By David Finlayson, Chief Scientist
Multibeam echo sounder (MBES) imagery has improved dramatically in recent years and each new version of SonarWiz has introduced improved tooling for working with these data. Most of SonarWiz’s image processing and targeting tools are now also available for MBES systems. In this article we will take a look at the two different approaches offered by SonarWiz for processing MBES image data.
A MBES image differs from traditional sidescan (see Figure 1). Each beam in a MBES is roughly equivalent to a complete side scan channel. To create an MBES image, the portion of the beam time series that corresponds to the bottom detection (also called a “snippet”) is extracted and placed along the beam footprint. The snippets from successive beams are pieced together to form the image across the swath.
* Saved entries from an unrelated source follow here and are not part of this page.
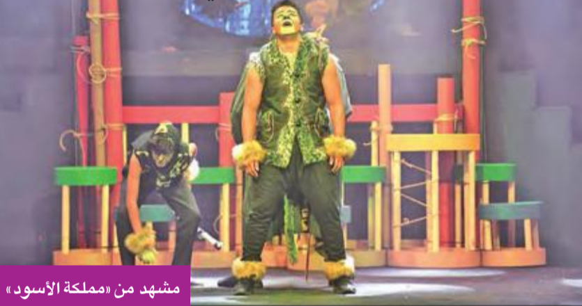
مشهد من «مملكة الأسود»

عرضت ضمن مسابقة المهرجان العربي لمسرح الطفل
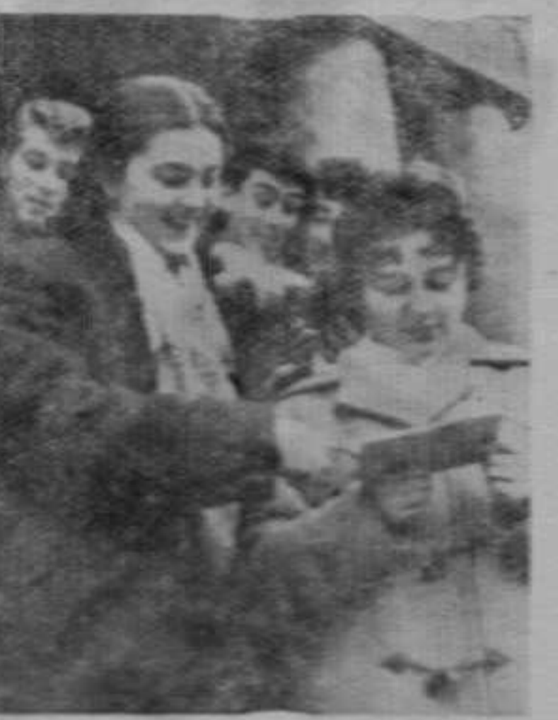
Професори су рекли своју реч, ко ја је извела радост за оне људике а суме за оне који су више волели забаву.
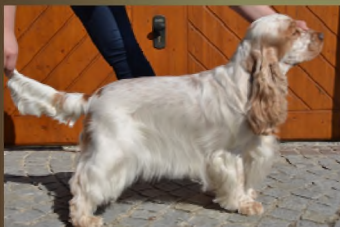
„Aries vom Schloss Ottenstein“
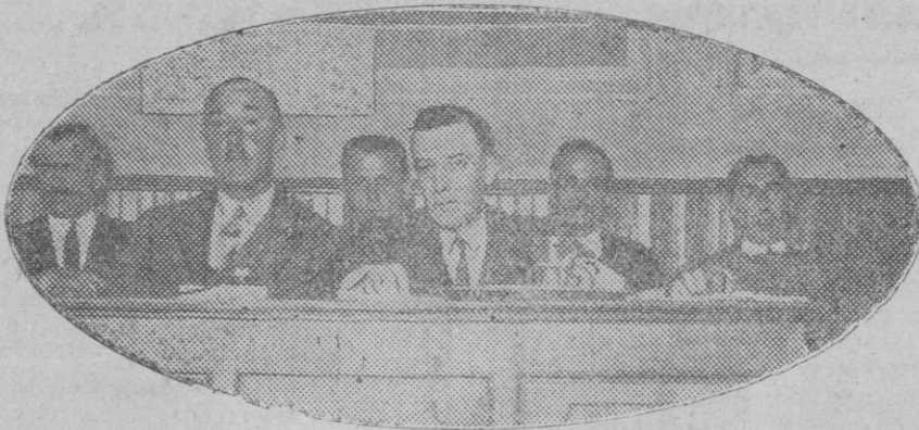
La mesa presidencial de la Asamblea celebrada en Madrid por la Unión General de Trabajadores para definir la actitud de esta organización frente a la Asamblea Nacional.
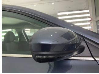
Dikiz aynası, sağ, Dış dikiz aynası > Çizik
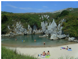
Playa de Gulpiyuri, Llanes
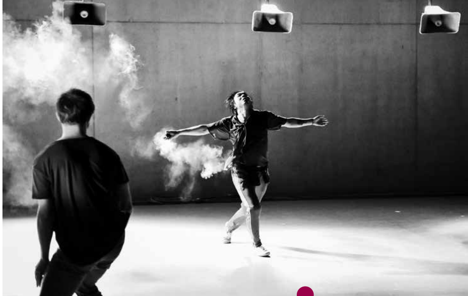
ÚTOČIŠTĚ (Farma v jeskyni)
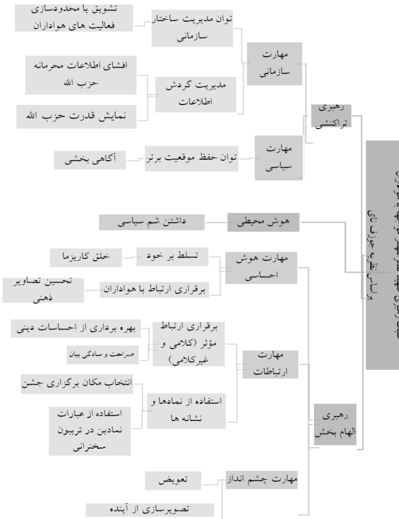
شکل ۲: مدل مفهومی سبک رهبری شهید نصرالله در مواجهه با هواداران (منبع: نگارندگان)

از رژیم اسرائیل تصویر کند. آشکار شدن نقشه‌هایی که وی به وجود آنها در منطقه اشاره کرده و نیز تحقق پیش‌بینی شکست رژیم اسرائیل و داعش در برابر مقاومت، علاوه بر بهر خ کشیدن شمّ سیاسی، کاریزمای وی را نزد مخاطبان هوادارش بالا برده است.
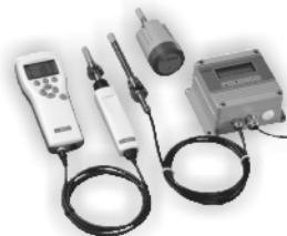
VAISALA 温湿度变送器 露点变送器 精密露点仪 二氧化碳变送器 气象变送器
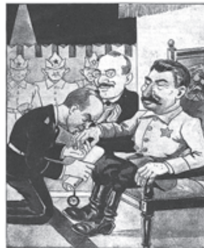
STALIN. – PIRMA JO ŽALTA. MOKSLO IR KULTŪROS MINISTERIJA. TU MOKSLO IR KULTŪROS MINISTERIJA. TU MOKSLO IR KULTŪROS MINISTERIJA.

O kas yra toji socialistinė valstybė? Sovietų Sąjunga nebuvo tikra socialistinė valstybė, nes tikroje socialistinėje valstybėje nėra valstybės, nėra nelygybės, o juk Sovietų Sąjungoje buvo milžiniška nelygybė. Tiesą sakant,
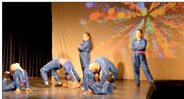
A képen a Tornyos Tánclub zalalövői csoportja.
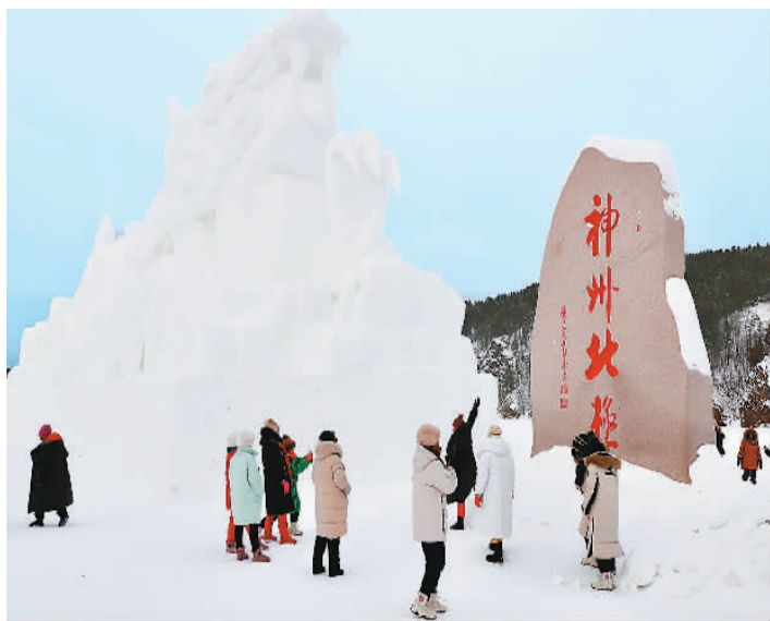
游客在黑龙省漠河市北极村拍照。
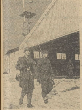
Kampfbereite Besetzung eines norwegischen Flughafens. Ein deutscher und ein norwegischer Soldat sind gemeinsam auf Posten gezogen

Außerdem haben die Behörden in ihrer Not dem Schwarzhandel den Kampf angefangen. Nicht weniger als 1700 Beamte des Ernährungsministeriums sollen die Geschäfte überwachen, die immer noch gegen höhere Bezahlung rationierte Lebensmittel ohne Bezugsschein an die pluriaktiven Kreise abgeben.
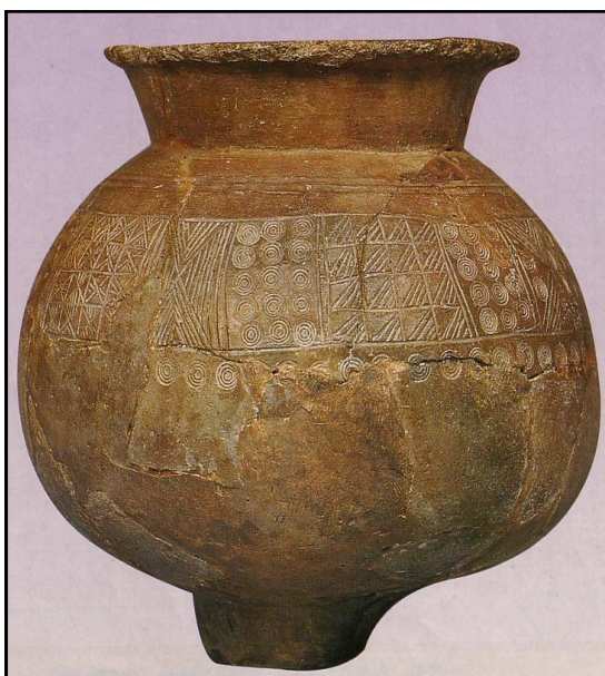
Doc t 4 : Poterie - 2 000 à 750 av. J.C. - Grotte de Rancogne ; Poitou Charente
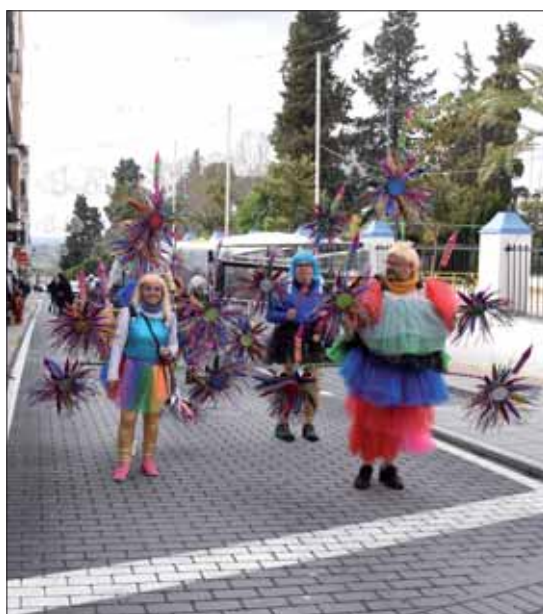
Grupo ganador del concurso de disfraces/FP

The along-track resolution of MBES images is usually less fine than side scan sonars due to the wider beam apertures. While the quality of the reflectivity data is improved by the beam forming (less noise), the beam directivity patterns modulate the amplitude data making it more complicated to level the snippet intensity into a seamless image.
Finally, MBES are usually operated to optimize for bathymetry collection, so the systems maintain high angles of incidence with the seafloor. This makes it hard to detect microrelief that would be apparent in a side scan image collected close to the seabed at a high grazing angle. (Lurton, 2010)
SonarWiz currently supports two different workflows for processing MBES imagery: (1) convert the MBES imagery into a pseudo-side scan image; and (2) processing the intensity data on the bathymetric soundings. There are pros and cons to each approach.
When you import MBES imagery using the side scan engine (See Figure 2A) SonarWiz can display up to 4096 samples per channel (8192 samples across the whole swath). The resulting imagery can be very high resolution if the multibeam packets support it (for example: S7K Snippets, ALL or KMALL Time Series, R2 TruePix, etc.). Once the data is converted to side scan, the operator can take full advantage of SonarWiz’s powerful side scan processing tools.
This workflow is a fast way to process hundreds of track lines and is recommended for target detection and identification since it offers the highest possible image resolution. However, the SonarWiz side scan engine does not raytrace the samples to the seafloor and cannot accurately represent overhangs or other complicated topography. Nor can it handle unconventional sonar offsets. For these situations, we recommend using the bathymetry engine.
The second MBES image processing option in SonarWiz is to import the data using the bathymetry engine (see Figure 2B). In this mode, SonarWiz assigns a single intensity value to each beam in the ping. The user can select to use the beam amplitude assigned by the manufacturer or SonarWiz can process the snippet intensity data and replace the beam amplitude with a statistically computed best value. In either case, the across-track image resolution is limited to the number of beams in the ping.
The advantage of this approach is that each image pixel is located precisely in X, Y and Z. So there is no ambiguity in the position of targets. Image mosaics created in this mode are tightly aligned. For many applications, the across-track resolution of shallow water multibeam systems is so high, that there are still tens of image pixels per meter which is more than enough to create beautiful seafloor mosaics. In addition, the bathymetry data makes it possible to see the same targets in both shaded relief and intensity waterfalls side-by-side which can be a powerful new dimension to target detection.
Of course, it is possible to use both methods in a single SonarWiz project. Users with both the side scan and bathymetry modules can select the processing method that makes the best use of their data. Either way, we have tried to make the processing of intensity data easy and efficient, with few steps needed to produce a clean image.
Reference Lurton, X. (2010) An introduction to Underwater Acoustics: Principles and Applications. Second Edition. Springer, Heidelberg. pp. 362-363.